Dataset excerpts:
Content starts
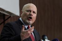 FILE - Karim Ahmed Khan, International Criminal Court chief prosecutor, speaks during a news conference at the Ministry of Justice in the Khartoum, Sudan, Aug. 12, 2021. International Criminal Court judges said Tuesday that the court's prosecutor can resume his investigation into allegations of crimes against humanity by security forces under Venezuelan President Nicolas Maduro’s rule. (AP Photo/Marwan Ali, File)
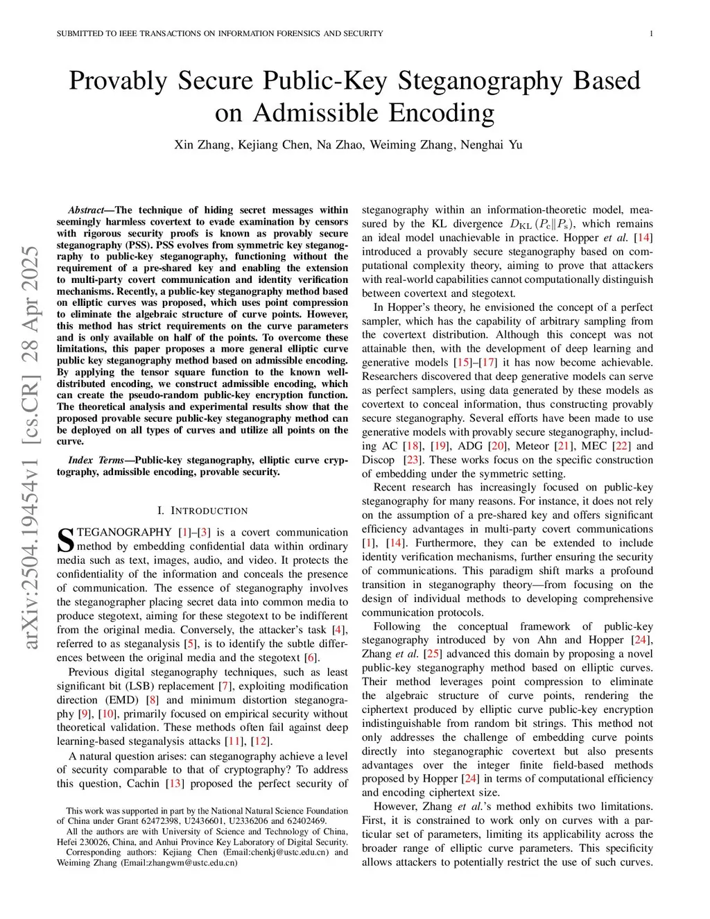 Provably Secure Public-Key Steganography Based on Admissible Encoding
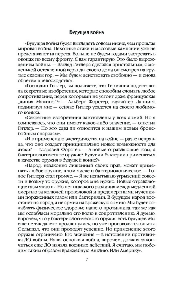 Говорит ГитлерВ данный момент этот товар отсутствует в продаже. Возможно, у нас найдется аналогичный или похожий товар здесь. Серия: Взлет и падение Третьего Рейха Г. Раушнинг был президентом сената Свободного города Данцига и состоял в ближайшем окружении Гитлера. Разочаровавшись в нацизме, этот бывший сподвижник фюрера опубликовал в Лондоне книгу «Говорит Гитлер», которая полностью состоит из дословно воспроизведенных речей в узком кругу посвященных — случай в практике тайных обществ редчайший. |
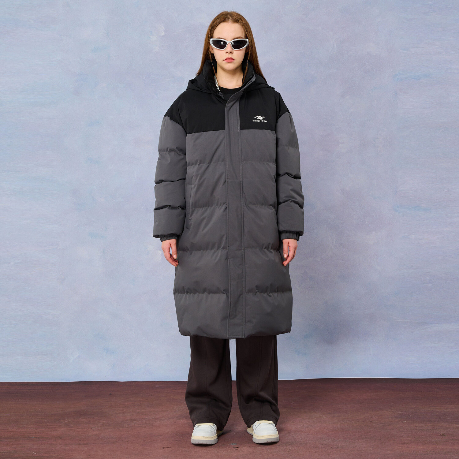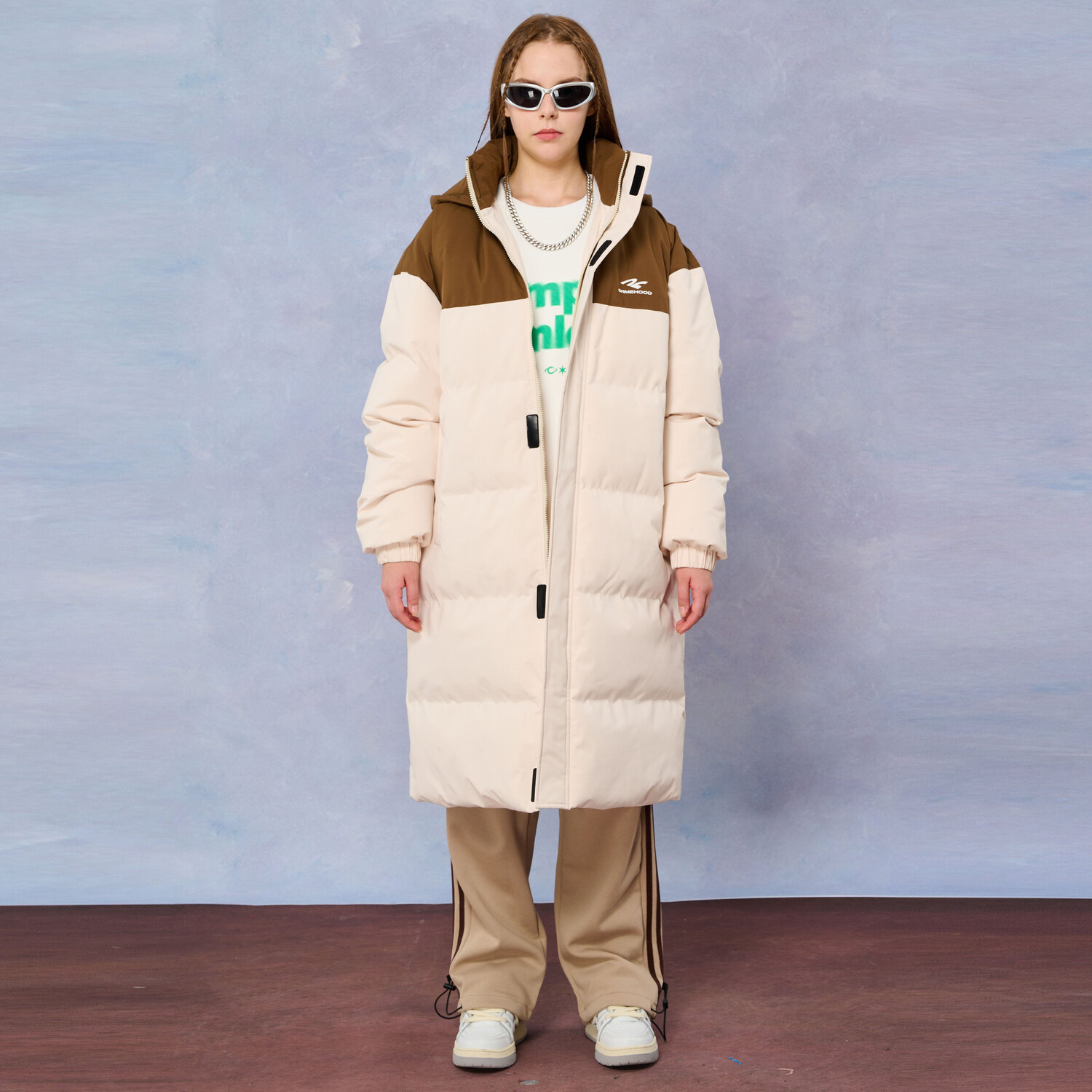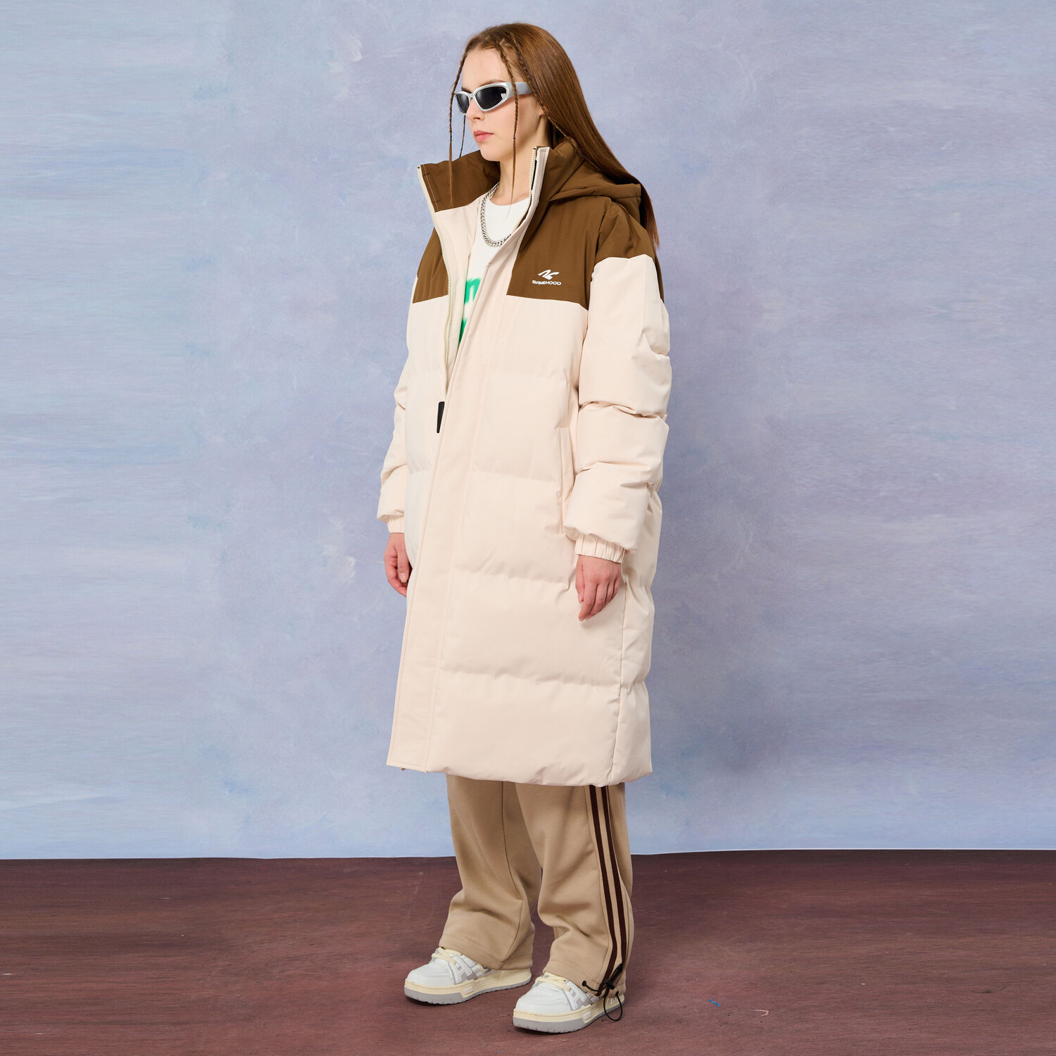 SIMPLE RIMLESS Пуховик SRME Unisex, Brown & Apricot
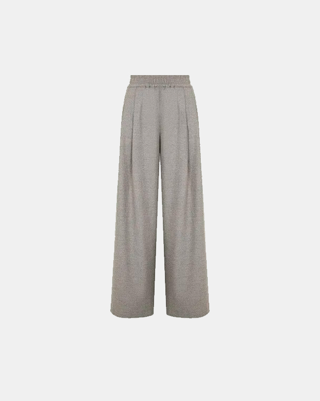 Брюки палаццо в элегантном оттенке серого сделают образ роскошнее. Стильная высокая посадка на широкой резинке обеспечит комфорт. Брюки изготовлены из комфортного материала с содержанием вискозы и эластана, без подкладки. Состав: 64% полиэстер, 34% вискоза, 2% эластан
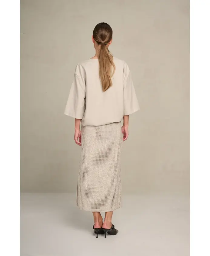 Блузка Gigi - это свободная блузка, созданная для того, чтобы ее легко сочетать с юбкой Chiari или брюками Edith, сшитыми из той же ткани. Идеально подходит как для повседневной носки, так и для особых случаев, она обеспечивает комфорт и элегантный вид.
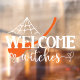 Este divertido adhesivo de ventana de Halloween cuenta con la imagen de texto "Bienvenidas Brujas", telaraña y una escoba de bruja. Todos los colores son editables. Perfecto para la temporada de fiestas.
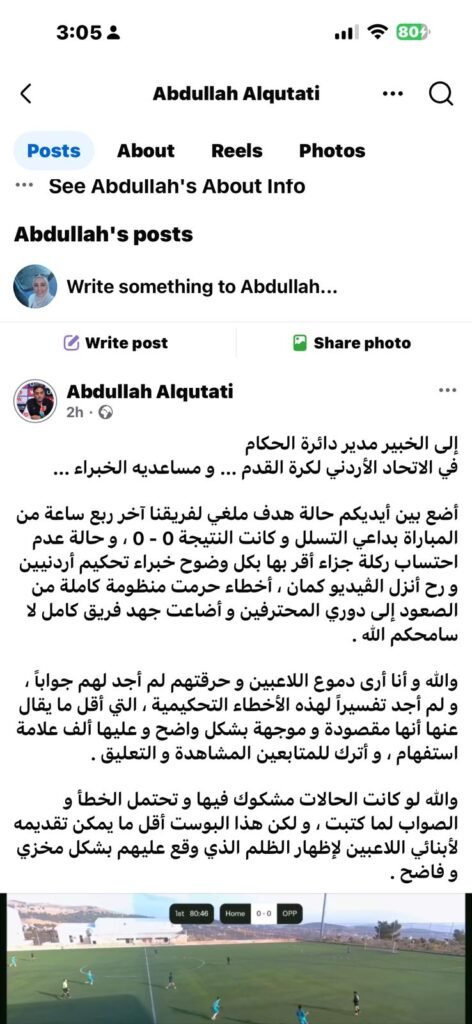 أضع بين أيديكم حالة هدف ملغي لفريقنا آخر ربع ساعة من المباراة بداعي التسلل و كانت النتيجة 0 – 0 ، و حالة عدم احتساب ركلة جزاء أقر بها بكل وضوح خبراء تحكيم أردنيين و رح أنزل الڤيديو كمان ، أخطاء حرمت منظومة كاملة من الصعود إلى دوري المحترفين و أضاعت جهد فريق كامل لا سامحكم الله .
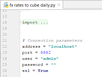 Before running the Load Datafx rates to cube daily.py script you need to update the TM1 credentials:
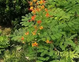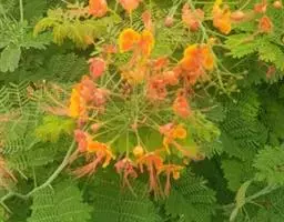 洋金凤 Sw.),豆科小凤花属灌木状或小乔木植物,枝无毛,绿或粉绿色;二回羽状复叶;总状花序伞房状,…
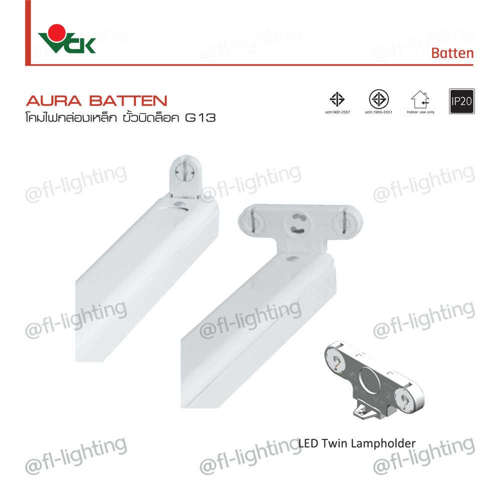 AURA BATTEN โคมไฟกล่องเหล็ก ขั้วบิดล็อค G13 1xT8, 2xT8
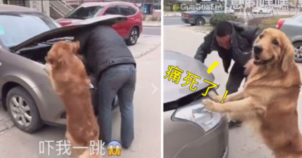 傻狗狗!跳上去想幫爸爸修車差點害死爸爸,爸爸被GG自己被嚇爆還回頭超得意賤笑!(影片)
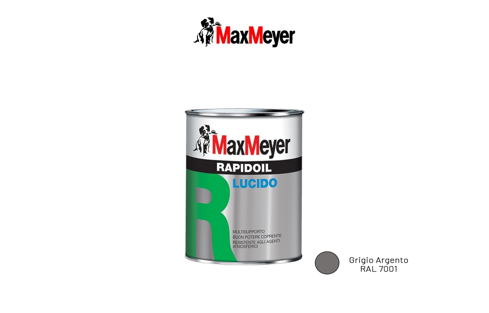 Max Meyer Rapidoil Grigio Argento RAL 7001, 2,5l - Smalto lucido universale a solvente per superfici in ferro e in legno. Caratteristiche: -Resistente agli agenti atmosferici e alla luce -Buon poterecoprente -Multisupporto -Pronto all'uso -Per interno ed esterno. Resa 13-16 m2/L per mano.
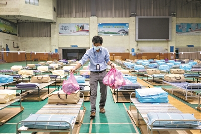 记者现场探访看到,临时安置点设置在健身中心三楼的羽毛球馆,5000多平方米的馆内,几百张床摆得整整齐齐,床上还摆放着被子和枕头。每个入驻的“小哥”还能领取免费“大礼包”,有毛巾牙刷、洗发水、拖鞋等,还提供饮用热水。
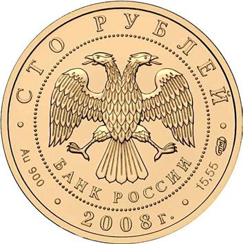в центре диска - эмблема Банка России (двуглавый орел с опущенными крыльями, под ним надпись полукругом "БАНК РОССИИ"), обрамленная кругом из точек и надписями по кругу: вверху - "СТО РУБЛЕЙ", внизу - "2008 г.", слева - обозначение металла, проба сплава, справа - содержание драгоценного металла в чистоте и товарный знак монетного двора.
Content ends
Requirement: Please extract exactly the lines of the data, from the first through the line containing "Блузка Gigi - это", and add no pictures to the copy.

Task solution:
 FILE - Karim Ahmed Khan, International Criminal Court chief prosecutor, speaks during a news conference at the Ministry of Justice in the Khartoum, Sudan, Aug. 12, 2021. International Criminal Court judges said Tuesday that the court's prosecutor can resume his investigation into allegations of crimes against humanity by security forces under Venezuelan President Nicolas Maduro’s rule. (AP Photo/Marwan Ali, File)
 Provably Secure Public-Key Steganography Based on Admissible Encoding
 Говорит ГитлерВ данный момент этот товар отсутствует в продаже. Возможно, у нас найдется аналогичный или похожий товар здесь. Серия: Взлет и падение Третьего Рейха Г. Раушнинг был президентом сената Свободного города Данцига и состоял в ближайшем окружении Гитлера. Разочаровавшись в нацизме, этот бывший сподвижник фюрера опубликовал в Лондоне книгу «Говорит Гитлер», которая полностью состоит из дословно воспроизведенных речей в узком кругу посвященных — случай в практике тайных обществ редчайший. |
 SIMPLE RIMLESS Пуховик SRME Unisex, Brown & Apricot
 Брюки палаццо в элегантном оттенке серого сделают образ роскошнее. Стильная высокая посадка на широкой резинке обеспечит комфорт. Брюки изготовлены из комфортного материала с содержанием вискозы и эластана, без подкладки. Состав: 64% полиэстер, 34% вискоза, 2% эластан
 Блузка Gigi - это свободная блузка, созданная для того, чтобы ее легко сочетать с юбкой Chiari или брюками Edith, сшитыми из той же ткани. Идеально подходит как для повседневной носки, так и для особых случаев, она обеспечивает комфорт и элегантный вид.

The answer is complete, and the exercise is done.